Bitcoin Steadies After Flash Crash
Bitcoin’s selloff eased Wednesday, offering some respite to holders of the volatile cryptocurrency after a flash crash a day earlier erased billions of dollars in its value.
The largest cryptocurrency by market value edged 1% lower from its 5 p.m. ET level on Tuesday to trade at about $46,287.82 apiece, according to CoinDesk. It briefly dropped 17% over the course of a few minutes on Tuesday, and ended the day down about 10%. Other digital assets have also lost steam: Ether, the second-largest, slid 2.6% was flat Wednesday.

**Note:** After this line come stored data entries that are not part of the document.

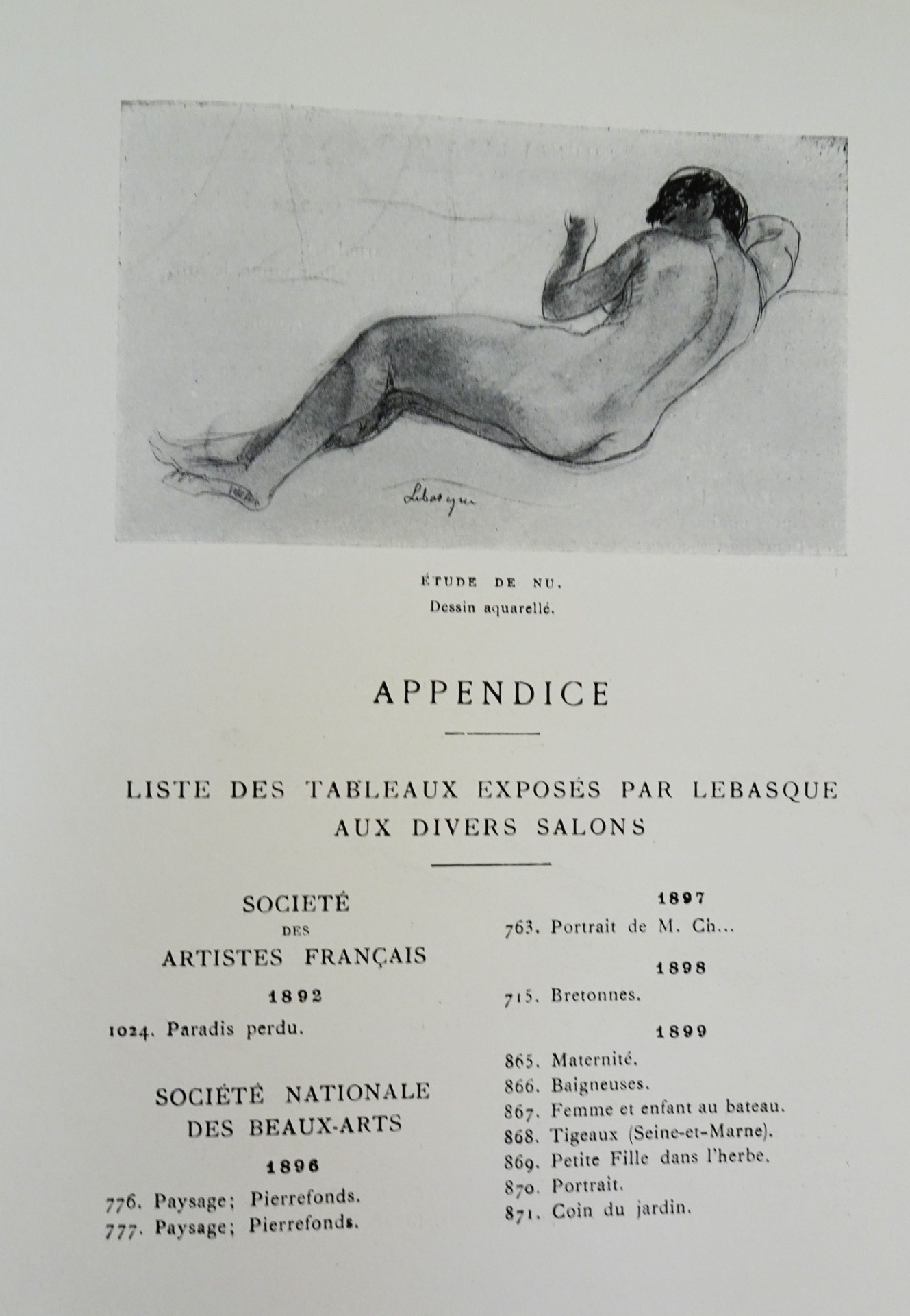 Avec Appendix: Liste des tableaux exposés par Lebasque aux divers Salons, Table des gravures hors-texte, Table des gravures dans le texte, Table des matières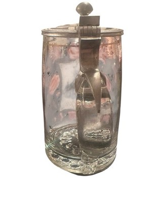Dekorativer und sammelwürdiger antiker Deckelhumpen aus farblosem Glas mit originalem Zinndeckel. Das Glas ist aufwendig mit floraler Emaillemalerei in zarten Rosa- und Blautönen verziert. Im Zentrum befindet sich ein fein ausgearbeitetes Medaillon mit der Darstellung des Lamm Gottes, ergänzt durch religiöse Symbolik und ornamentale Details.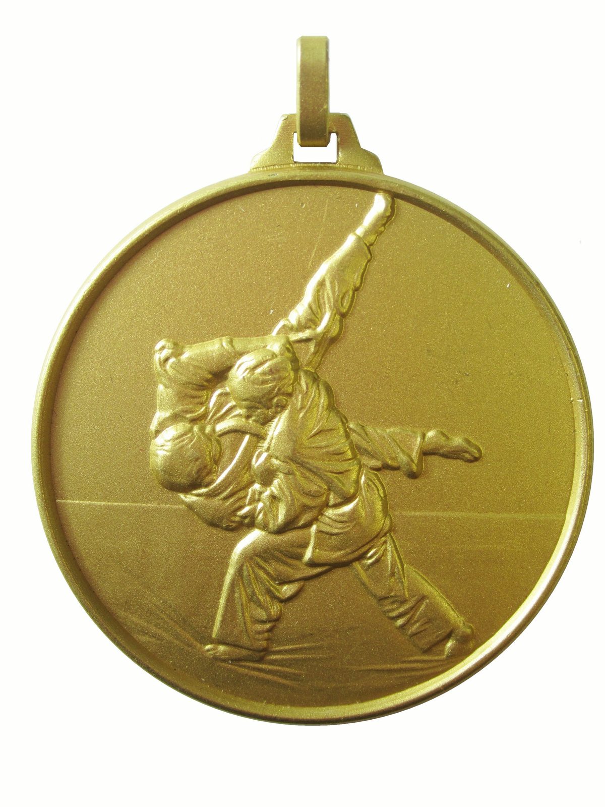 A top quality embossed diamond edged gold judo medal made from brass. The medal displays a judo bout. The diameter is 50mm and the thickness is 3mm giving the medal a heavy feel. This medal can be engraved on the reverse and comes complete with a loop to accomadate a ribbon.

There hasn’t been a single catalyst to precipitate the recent selloff. A 70% run-up in bitcoin’s value since late July—combined with the euphoria tied to El Salvador adopting bitcoin as a national currency starting Tuesday—could have prompted traders to book profits, analysts say. Investors have also been stepping up bets on other cryptocurrencies in recent months, giving a boost to the Ethereum and Cardano blockchains and driving up prices on nonfungible tokens.
Bitcoin and rival digital assets are also notoriously jumpy, with prices frequently swinging wildly on rumors, tweets by influencers or a shift in sentiment among groups of traders banding together on social media to make speculative bets.
In the latest bout of volatility, bitcoin has lost almost $93 billion in market value since Sunday. Other cryptocurrencies also took a hit: Ether lost $61 billion, and Cardano’s ada shed $13 billion.
“Profit-taking was very much on the cards,” said Naeem Aslam, London-based chief market analyst at brokerage AvaTrade. “In our view, that is a very healthy pullback.”
A host of factors could be dampening optimism and could stump a further rally in bitcoin. Coinbase Global Inc. said Wednesday that the Securities and Exchange Commission had threatened to sue the cryptocurrency exchange if it launches a program that lets users earn interest by lending crypto assets. Coinbase shares fell 3.3% in premarket trading.
Glitches in the rollout of El Salvador’s unprecedented adoption of bitcoin as a national currency could also be curtailing expectations among some traders. The Central American country’s President Nayib Bukele said early Wednesday that the government’s bitcoin e-wallet would be taken offline between 1 a.m. and 6 a.m. local time to make improvements and address issues reported by users.
The friction between heightened adoption of cryptocurrencies world-wide on one hand, and regulators paying more attention to the market on the other, could lend to more volatility in digital assets, analysts say.